-1

I have an application using jQuery 3.2.1. It features 2 separate search forms called #primarySearch and #advancedSearch.

#primarySearch is always visible, but #advancedSearch is hidden on page load:

<form id="primarySearch">

</form>

<form id="advancedSearch" style="display: none;">

</form>

There is a button to show/hide #advancedSearch like this:

/* Open Advanced Search */
$('#advancedSearchCta b').click(function(){
    $('#advancedSearch').toggle();
    $('#advancedSearchCta').hide();
});

/* Close Advanced Search */
$('#closeAdvancedSearch').click(function(){
    $('#advancedSearch').toggle();
    $('#advancedSearchCta').show();
});

This works fine.

Each form contains a number of inputs. I have implemented a button (#resetSearchBtn) to clear all the form inputs - effectively a "Reset Search" button:

 $('#resetSearchBtn').click(function(e){
    e.preventDefault();
    $(':input','#primarySearch, #advancedSearch')
    .not(':button, :submit, :reset, :hidden')
    .val('')
    .removeAttr('checked')
    .removeAttr('selected');
 });

This works fine if the #advancedSearch is visible. However if the user closes the advanced search - thus toggling it back to display: none;, it does not work. Basically, it will only reset the search if #advancedSearch is visible.

I can't rely on this because a user may open the advanced search, enter something, close it, and then try and do a reset. It will leave their data in #advancedSearch. The application is ajax based and reacts to form changes. So it basically submits the "wrong" data to the server.

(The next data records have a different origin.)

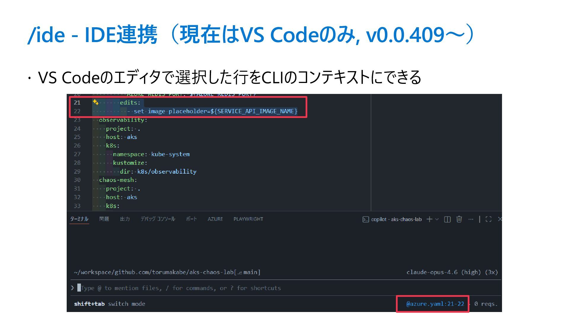 /ide - IDE連携(現在はVS Codeのみ, v0.0.409〜) VS Codeのエディタで選択した行をCLIのコンテキストにできる
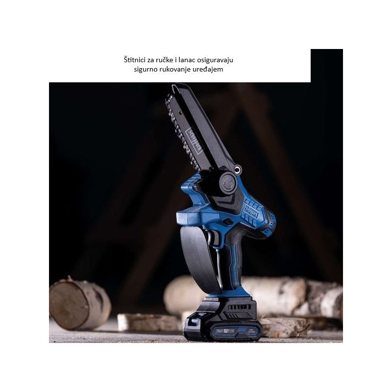 Ugrađeni su štitnik za ruku i štitnik za lanac, te sigurnosni prekidač na mekoj ručki. Minimum pravilnog rukovanja: držati reznu zonu stabilno, rezati dalje od tijela, ne rezati iznad razine ramena i ne raditi bez osnovne zaštite ruku i očiju, posebno kod rezanja suhog granja koje može “pucati”.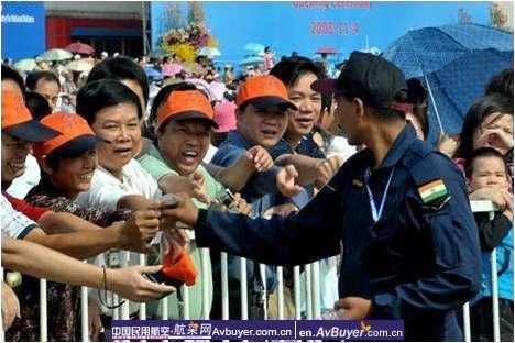 停靠着印度运输机的展位,被观众围得水泄不通,栏杆内的印度空军不时向人群散发各种纪念品,引起观众的哄抢,几乎挤翻栏杆,在保安人员的大声阻止下,才变的有秩序一些,不少人对这种表现表示了气愤,他们认为,这是在印度空军面前丢中国人的脸。除此之外,不少观众不注意保持环境卫生,在场地上席地而坐,随手把吃过果皮、食品包装袋满地乱扔。
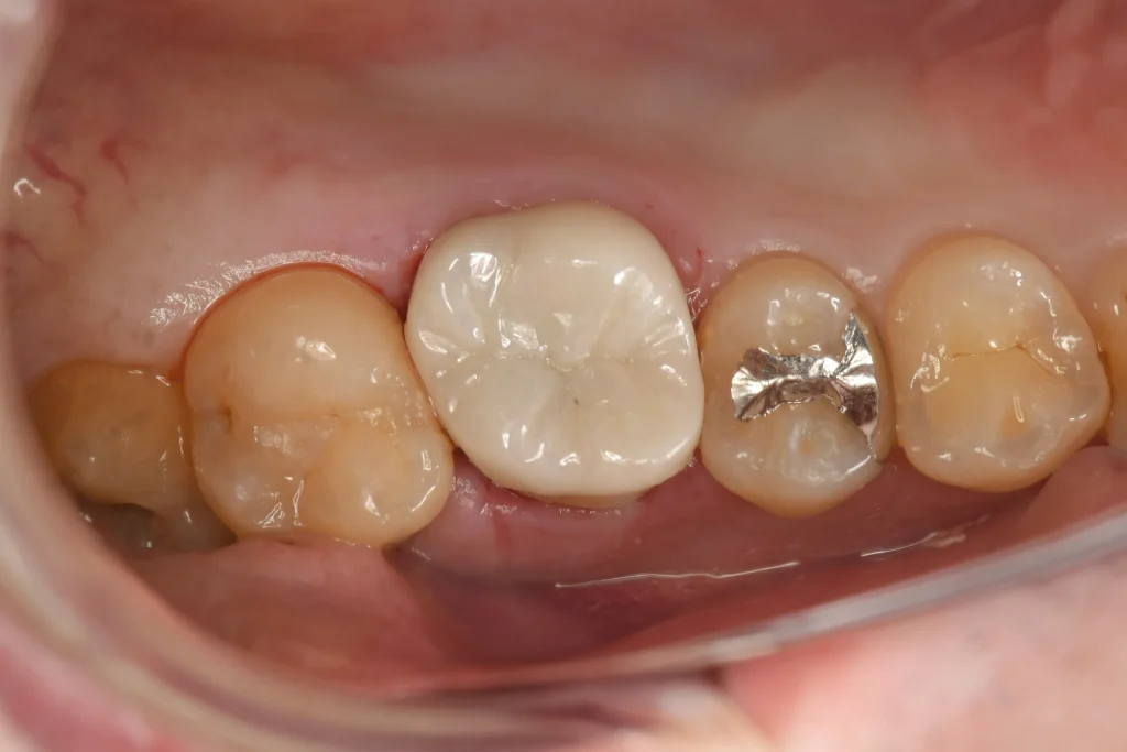 | 右上6番目の銀歯(保険治療のインレー)を外して虫歯を除去後、MTAセメントにて神経保護、その後被せ物をセラミックで行なった。 |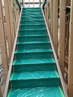 壁仕上がり前に、先行階段取付ました。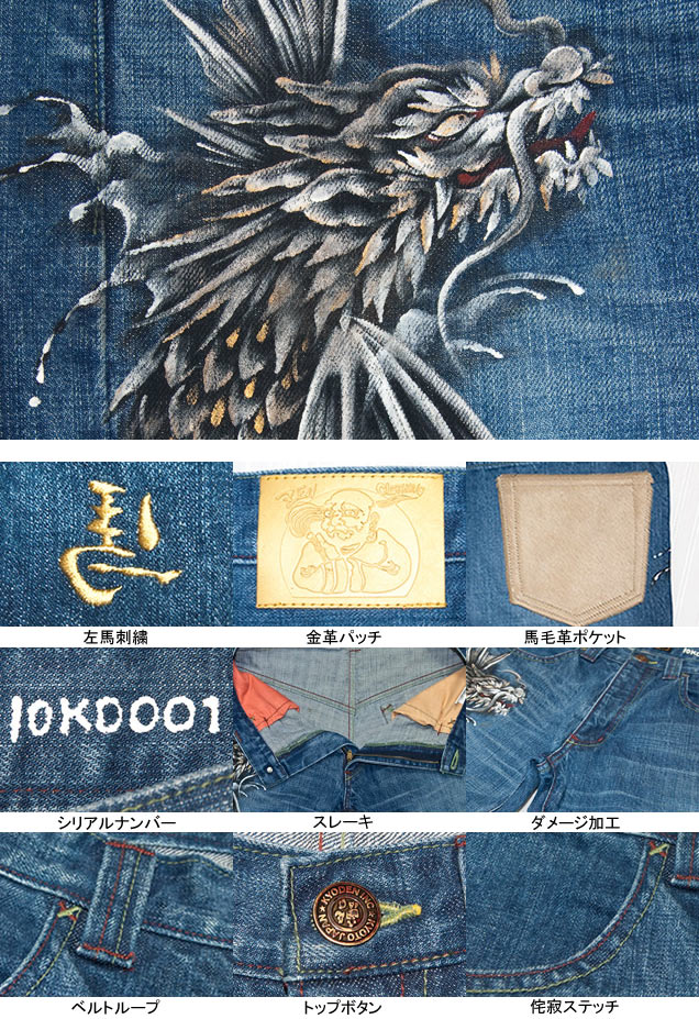 2010年の新春ジーンズは、大河ドラマで話題の坂本竜馬をイメージした、生産数限定ジーンズです。モチーフとしては、竜馬が中心となって結成された「海援隊」を連想させる海の竜。また、竜馬の名前から連想した馬の毛皮をバックポケットにあしらったり、「左馬」の刺繍、さらには上品なダメージ加工など、ジーンズの仕様にもこだわっております。カラー/絵柄

Is this normal behaviour or some conflict in my app I should be looking for? What are the solutions to this?

Andy
  • 5,142
  • 11
  • 58
  • 131
  • Do you have multiple elements with the same id of `resetSearchBtn`? – Rory McCrossan Jul 24 '17 at 10:15
  • No, there is definitely only one. It's a button: ` – Andy Jul 24 '17 at 10:16
  • This is very odd behaviour. The visibility of an element should have no effect on it's accessibility through code. Could you show an example of the problem in a snippet. – Rory McCrossan Jul 24 '17 at 10:17
  • I agree! I don't understand it either and have never seen anything like it. It's hard to show because it's in an app being developed on a private server (I can't post a link to it). And I don't think a fiddle will help because I've no doubt it'll just work as expected on that. I'll see what I can do. – Andy Jul 24 '17 at 10:19
  • My last thought would be to check for errors in the console (assuming you haven't already) just to check if another event handler is causing an error and interfering with your logic. – Rory McCrossan Jul 24 '17 at 10:23
  • It's been answered (below). It's my own stupid error! – Andy Jul 24 '17 at 10:23
  • Yeah - I missed that you were setting the `val()` on checkbox/radio buttons – Rory McCrossan Jul 24 '17 at 10:24

2 Answers2

3

I'm not surprised that your code has a strange behavior. According to this code :

$(':input','#primarySearch, #advancedSearch')
    .not(':button, :submit, :reset, :hidden')
    .val('')
    .removeAttr('checked')
    .removeAttr('selected');

You take every input in the form (including checkboxes and radios). You set the value to ''. At this point, your checkboxes and radios are already dead. The you remove the attr checked and selected on everything.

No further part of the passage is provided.